New on the Menu: A Korean barbecue chicken biscuit and wagyu tartare

Plus a seafood tostada, local sweet onion rings, and cactus cocktail

The cochineal is an insect that lives on the cactus plant that produces the fruit known as prickly pear. Another cactus plant, agave, is used to make mezcal. At Lucha Rosa, the rooftop bar at the Moxy Hotel, prickly pear liqueur and mezcal are combined with several other ingredients to make a complex and nuanced cocktail that is obliquely named for the dye made from the cochineal.

If that sounds like a lot, well, that’s part of the fun. For a simpler dish, consider the onion rings at Takibi in Portland, Ore., made from local sweet onions that are cooked tempura-style.

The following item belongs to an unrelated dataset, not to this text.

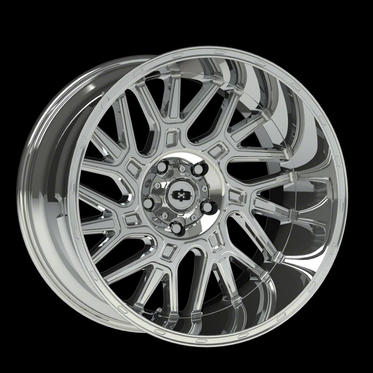 This 22x12 Vision Off-Road Brawl Chrome Wheel; 22x12; -51mm Offset is completed in a striking chrome finish that will be the envy of everyone. For added looks and strength, there is a clear coat that protects against whatever the road throws at you.

Simplicity and great ingredients are also on display in the wagyu beef tartare at Vestry, a Shaun Hergatt restaurant in New York City, which is also a low-waste menu item because the beef is trim from the restaurant’s wagyu entrée.

Fried chicken biscuits get the multicultural treatment at Prohibition in Charleston, S.C., where they’re dressed in Korean barbecue sauce.

And at Terra in Santa Fe, N.M., a tostada is brought upscale by being topped with octopus and scallops.